Would you restate each line of the data below word for word, without its pictures?

════════════════

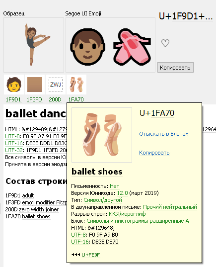 Теперь, чтобы увидеть символ и скопировать тривиальную информацию по нему, можно просто ткнуть на ссылке.
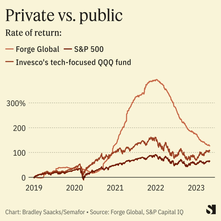 Forge’s index is somewhat protected from the worst private companies since traders on its platforms are mostly interested in the largest unicorns. But some of them have failed spectacularly over the years as they avoided the scrutiny of the public markets. Investing in this index means you could get pre-IPO exposure to the big winners — like Uber — and the big losers (another WeWork).
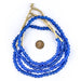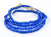 Recycled glass beads are a type of indigenously produced African bead from Ghana West Africa. These beautiful blue color recycled beads are made using an old method that has been used for centuries. The glass itself is derived from a variety of recycled sources including old beverage and medicine bottles. The procedure for making the beads consists of a number of steps whereby powdered glass is poured into molds of clay and baked in a specialized oven. These beads are produced in large part by the Krobo tribe and through recycling glass are environmentally friendly. Multiple strands pictured. Each strand is sold individually.
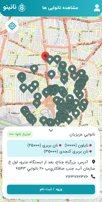 نمایش موقیعت مکانی نانوایی های اطراف محل سکونت یا کار
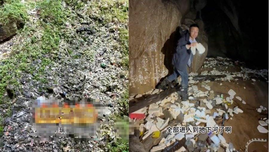 中国贵州天然钟乳石洞惊现“10层楼高垃圾” 污水直排臭味满坑
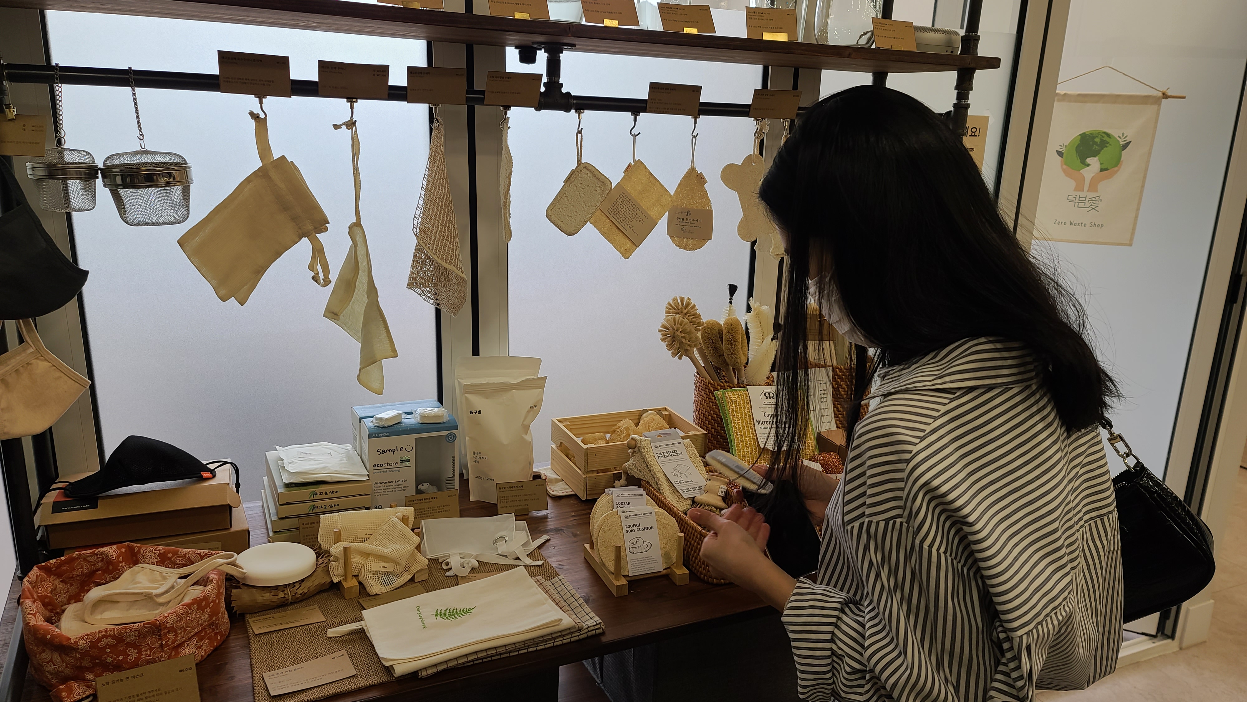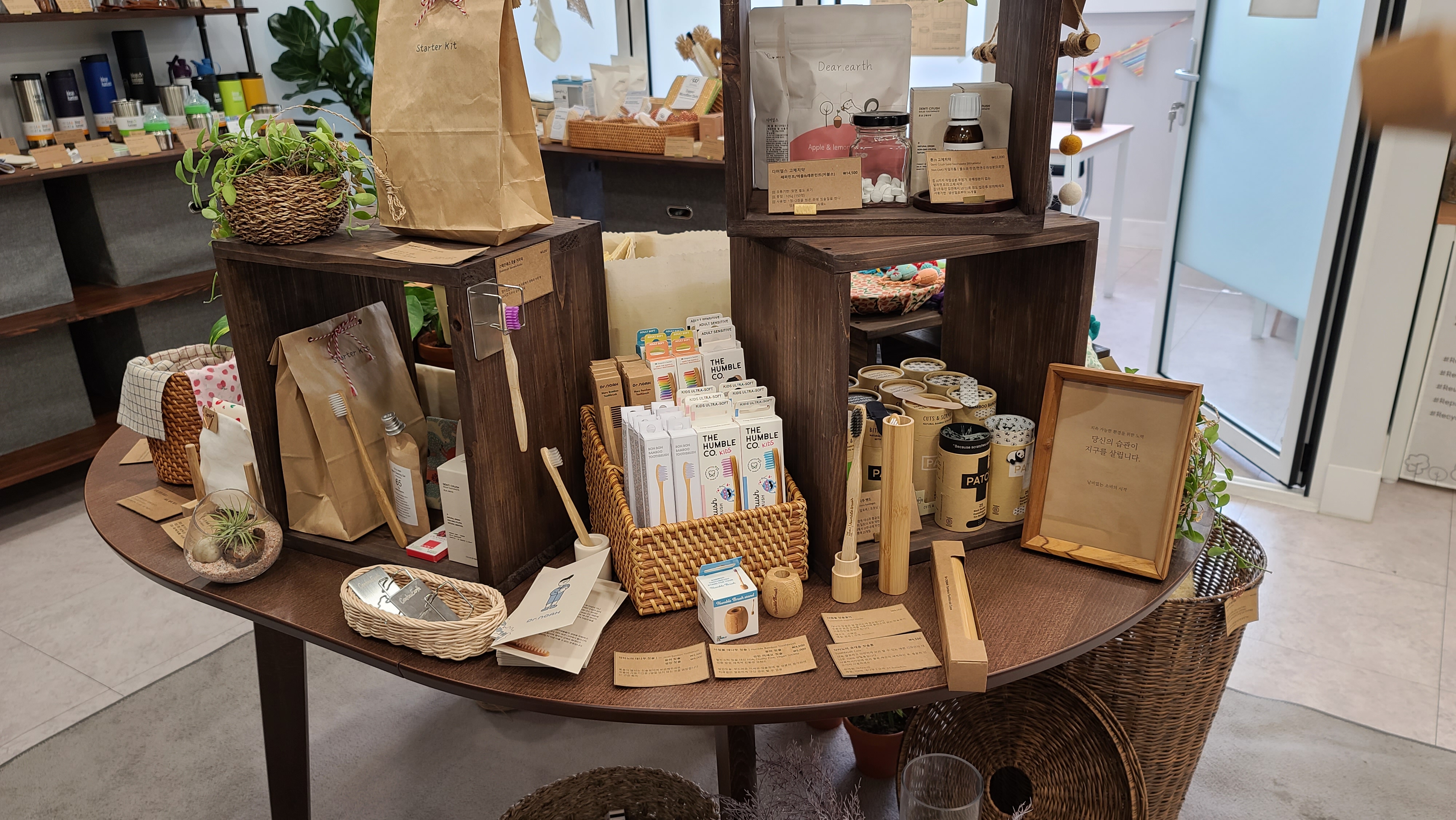 리필 스테이션 옆에는 일상생활에서 사용할 수 있는 친환경 제품들이 진열되어 있었습니다.

════════════════

- REPLY TO THE EXERCISE:
 Теперь, чтобы увидеть символ и скопировать тривиальную информацию по нему, можно просто ткнуть на ссылке.
 Forge’s index is somewhat protected from the worst private companies since traders on its platforms are mostly interested in the largest unicorns. But some of them have failed spectacularly over the years as they avoided the scrutiny of the public markets. Investing in this index means you could get pre-IPO exposure to the big winners — like Uber — and the big losers (another WeWork).
 Recycled glass beads are a type of indigenously produced African bead from Ghana West Africa. These beautiful blue color recycled beads are made using an old method that has been used for centuries. The glass itself is derived from a variety of recycled sources including old beverage and medicine bottles. The procedure for making the beads consists of a number of steps whereby powdered glass is poured into molds of clay and baked in a specialized oven. These beads are produced in large part by the Krobo tribe and through recycling glass are environmentally friendly. Multiple strands pictured. Each strand is sold individually.
 نمایش موقیعت مکانی نانوایی های اطراف محل سکونت یا کار
 中国贵州天然钟乳石洞惊现“10层楼高垃圾” 污水直排臭味满坑
 리필 스테이션 옆에는 일상생활에서 사용할 수 있는 친환경 제품들이 진열되어 있었습니다.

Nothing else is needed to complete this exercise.